> **The task**
Exclude all pictures from your copy of the data below, which should otherwise match exactly.

> **Supplied material**
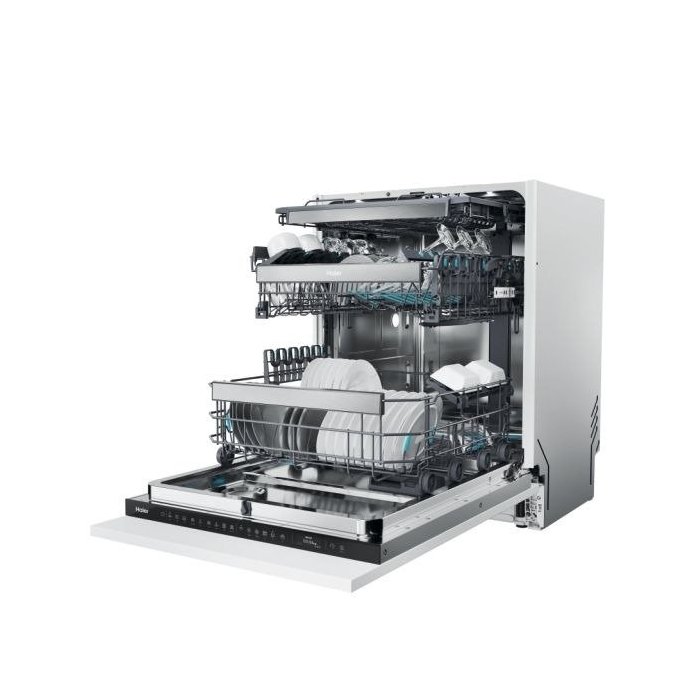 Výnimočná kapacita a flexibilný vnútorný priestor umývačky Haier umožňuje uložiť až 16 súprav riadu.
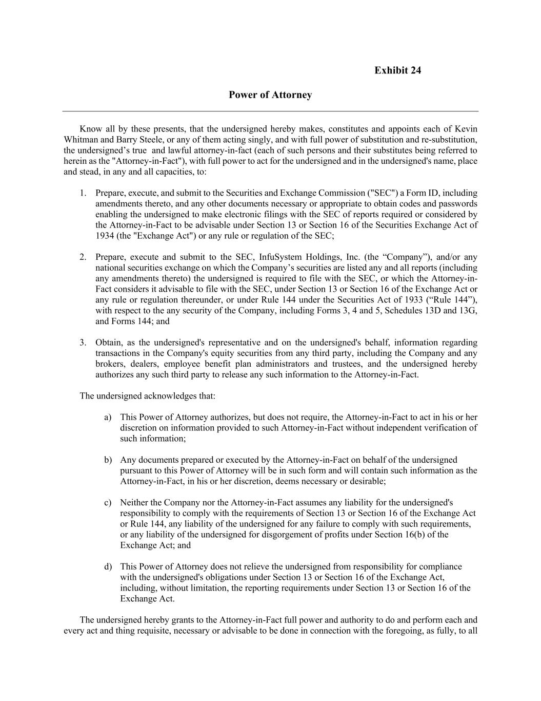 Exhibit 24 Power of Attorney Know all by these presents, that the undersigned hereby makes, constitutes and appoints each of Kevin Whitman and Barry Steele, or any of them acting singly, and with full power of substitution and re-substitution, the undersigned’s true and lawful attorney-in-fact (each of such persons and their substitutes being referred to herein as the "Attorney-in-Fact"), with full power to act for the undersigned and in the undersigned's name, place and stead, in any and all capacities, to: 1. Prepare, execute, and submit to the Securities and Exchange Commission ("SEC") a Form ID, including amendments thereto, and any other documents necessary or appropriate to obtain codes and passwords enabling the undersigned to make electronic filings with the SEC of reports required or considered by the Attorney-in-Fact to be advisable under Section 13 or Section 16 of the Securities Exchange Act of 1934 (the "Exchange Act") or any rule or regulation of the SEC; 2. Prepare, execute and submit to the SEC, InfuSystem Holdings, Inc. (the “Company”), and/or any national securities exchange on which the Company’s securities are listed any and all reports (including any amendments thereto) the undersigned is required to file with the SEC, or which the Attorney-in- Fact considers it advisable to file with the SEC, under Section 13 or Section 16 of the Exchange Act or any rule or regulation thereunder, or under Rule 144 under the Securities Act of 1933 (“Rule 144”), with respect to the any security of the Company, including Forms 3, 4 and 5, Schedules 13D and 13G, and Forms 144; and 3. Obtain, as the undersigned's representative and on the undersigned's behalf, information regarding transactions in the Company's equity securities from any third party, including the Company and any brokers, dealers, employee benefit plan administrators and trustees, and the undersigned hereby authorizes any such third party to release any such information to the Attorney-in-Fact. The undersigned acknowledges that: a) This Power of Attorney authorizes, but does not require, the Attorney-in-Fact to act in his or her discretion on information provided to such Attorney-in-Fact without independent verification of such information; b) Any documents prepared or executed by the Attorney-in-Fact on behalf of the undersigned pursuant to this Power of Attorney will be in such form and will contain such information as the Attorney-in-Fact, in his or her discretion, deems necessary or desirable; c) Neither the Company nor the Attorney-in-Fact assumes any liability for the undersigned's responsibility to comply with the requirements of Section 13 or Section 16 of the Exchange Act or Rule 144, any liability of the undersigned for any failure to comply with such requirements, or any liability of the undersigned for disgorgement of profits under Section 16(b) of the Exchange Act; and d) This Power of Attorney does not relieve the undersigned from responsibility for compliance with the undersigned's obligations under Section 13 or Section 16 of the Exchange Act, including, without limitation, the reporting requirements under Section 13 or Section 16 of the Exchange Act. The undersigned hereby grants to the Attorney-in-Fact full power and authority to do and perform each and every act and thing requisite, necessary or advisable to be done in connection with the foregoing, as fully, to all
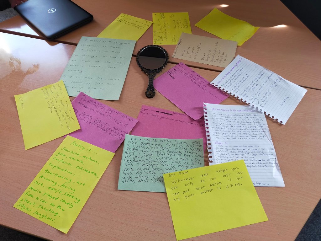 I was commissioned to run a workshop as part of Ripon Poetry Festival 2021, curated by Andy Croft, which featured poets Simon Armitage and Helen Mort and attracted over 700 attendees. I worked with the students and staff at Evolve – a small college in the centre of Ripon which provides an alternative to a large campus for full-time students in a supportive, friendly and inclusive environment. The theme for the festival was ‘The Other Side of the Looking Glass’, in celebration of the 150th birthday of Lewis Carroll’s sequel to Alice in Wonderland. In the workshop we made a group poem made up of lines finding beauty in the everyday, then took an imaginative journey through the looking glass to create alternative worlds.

> **Answer**
 Výnimočná kapacita a flexibilný vnútorný priestor umývačky Haier umožňuje uložiť až 16 súprav riadu.
 Exhibit 24 Power of Attorney Know all by these presents, that the undersigned hereby makes, constitutes and appoints each of Kevin Whitman and Barry Steele, or any of them acting singly, and with full power of substitution and re-substitution, the undersigned’s true and lawful attorney-in-fact (each of such persons and their substitutes being referred to herein as the "Attorney-in-Fact"), with full power to act for the undersigned and in the undersigned's name, place and stead, in any and all capacities, to: 1. Prepare, execute, and submit to the Securities and Exchange Commission ("SEC") a Form ID, including amendments thereto, and any other documents necessary or appropriate to obtain codes and passwords enabling the undersigned to make electronic filings with the SEC of reports required or considered by the Attorney-in-Fact to be advisable under Section 13 or Section 16 of the Securities Exchange Act of 1934 (the "Exchange Act") or any rule or regulation of the SEC; 2. Prepare, execute and submit to the SEC, InfuSystem Holdings, Inc. (the “Company”), and/or any national securities exchange on which the Company’s securities are listed any and all reports (including any amendments thereto) the undersigned is required to file with the SEC, or which the Attorney-in- Fact considers it advisable to file with the SEC, under Section 13 or Section 16 of the Exchange Act or any rule or regulation thereunder, or under Rule 144 under the Securities Act of 1933 (“Rule 144”), with respect to the any security of the Company, including Forms 3, 4 and 5, Schedules 13D and 13G, and Forms 144; and 3. Obtain, as the undersigned's representative and on the undersigned's behalf, information regarding transactions in the Company's equity securities from any third party, including the Company and any brokers, dealers, employee benefit plan administrators and trustees, and the undersigned hereby authorizes any such third party to release any such information to the Attorney-in-Fact. The undersigned acknowledges that: a) This Power of Attorney authorizes, but does not require, the Attorney-in-Fact to act in his or her discretion on information provided to such Attorney-in-Fact without independent verification of such information; b) Any documents prepared or executed by the Attorney-in-Fact on behalf of the undersigned pursuant to this Power of Attorney will be in such form and will contain such information as the Attorney-in-Fact, in his or her discretion, deems necessary or desirable; c) Neither the Company nor the Attorney-in-Fact assumes any liability for the undersigned's responsibility to comply with the requirements of Section 13 or Section 16 of the Exchange Act or Rule 144, any liability of the undersigned for any failure to comply with such requirements, or any liability of the undersigned for disgorgement of profits under Section 16(b) of the Exchange Act; and d) This Power of Attorney does not relieve the undersigned from responsibility for compliance with the undersigned's obligations under Section 13 or Section 16 of the Exchange Act, including, without limitation, the reporting requirements under Section 13 or Section 16 of the Exchange Act. The undersigned hereby grants to the Attorney-in-Fact full power and authority to do and perform each and every act and thing requisite, necessary or advisable to be done in connection with the foregoing, as fully, to all
 I was commissioned to run a workshop as part of Ripon Poetry Festival 2021, curated by Andy Croft, which featured poets Simon Armitage and Helen Mort and attracted over 700 attendees. I worked with the students and staff at Evolve – a small college in the centre of Ripon which provides an alternative to a large campus for full-time students in a supportive, friendly and inclusive environment. The theme for the festival was ‘The Other Side of the Looking Glass’, in celebration of the 150th birthday of Lewis Carroll’s sequel to Alice in Wonderland. In the workshop we made a group poem made up of lines finding beauty in the everyday, then took an imaginative journey through the looking glass to create alternative worlds.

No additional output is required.